Les voitures font le plein au milieu des taches d’huile, dans un léger parfum d’essence. Derrière les caisses, les croissants au jambon, incontournables des stations-service ukrainiennes, et en file, devant les machines à café, une ribambelle de treillis militaires : la banalité des escales sur les routes du pays depuis 2022. Sauf que le Humvee (un véhicule militaire tout terrain) qui patiente près des pompes est coiffé d’une grosse cage, comme dans les films Mad Max. Et que, depuis quelques semaines, la station tout entière est prise dans une vaste toile d’araignée blanche, à cinq mètres au-dessus d’elle, scénario que cette fois aucun film n’a imaginé.

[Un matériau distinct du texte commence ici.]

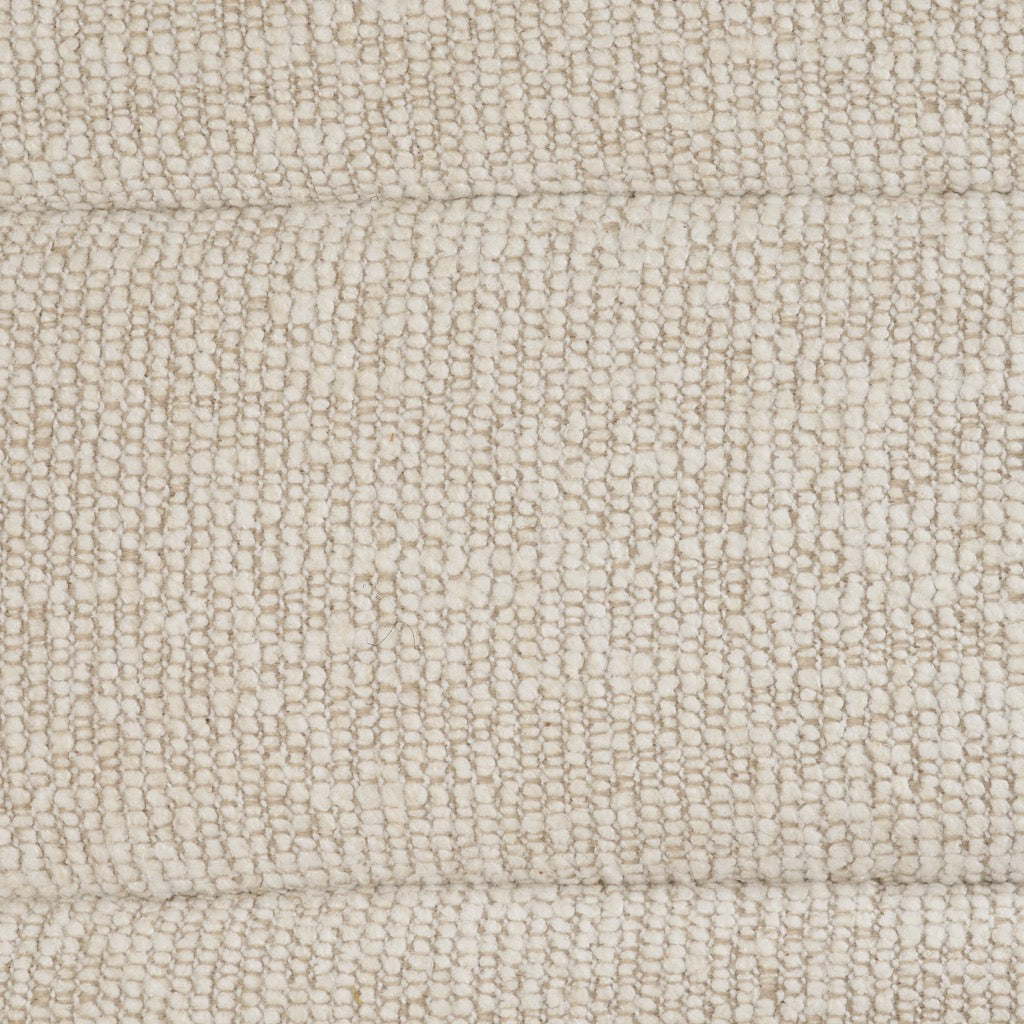 - Materials: Wide-channel cream and oatmeal blend fabric with a natural jute fiber back panel

Bienvenue à Izioum, nouvelle ville « à filets ». Comme à Kherson, sans cesse survolée par des drones, cette bourgade du nord-est de l’Ukraine, à environ 120 kilomètres au sud de Kharkiv, ne voit plus son ciel qu’à travers un étrange grillage. Ici, plus d’horizon dégagé. En novembre, des civils et des militaires ont été enrôlés pour planter au bord des routes de hauts piquets de bois et tendre des filets de polyéthylène, utilisés d’ordinaire par les agriculteurs et les viticulteurs pour les plantes grimpantes, ou pour protéger les vignes de la grêle ou des oiseaux.
C’est le cas de la route reliant la ville à Sloviansk, où se trouve notre station-service Marshal. Cet axe stratégique et logistique, le seul à approvisionner le front du Donbass, qu’il longe parfois à moins de 20 kilomètres, s’étire désormais sous un tunnel de mailles en plastique, blanches, vertes ou bleu pâle, comme un voile tendu au-dessus de la chaussée. Lorsque la route plonge, puis grimpe, on a parfois l’impression d’un mirage. Mais non : ces moustiquaires géantes sont bien chargées de stopper ces gros oiseaux électroniques, nouveauté de cette guerre où l’arrière n’est nulle part et la menace partout, y compris loin des tranchées.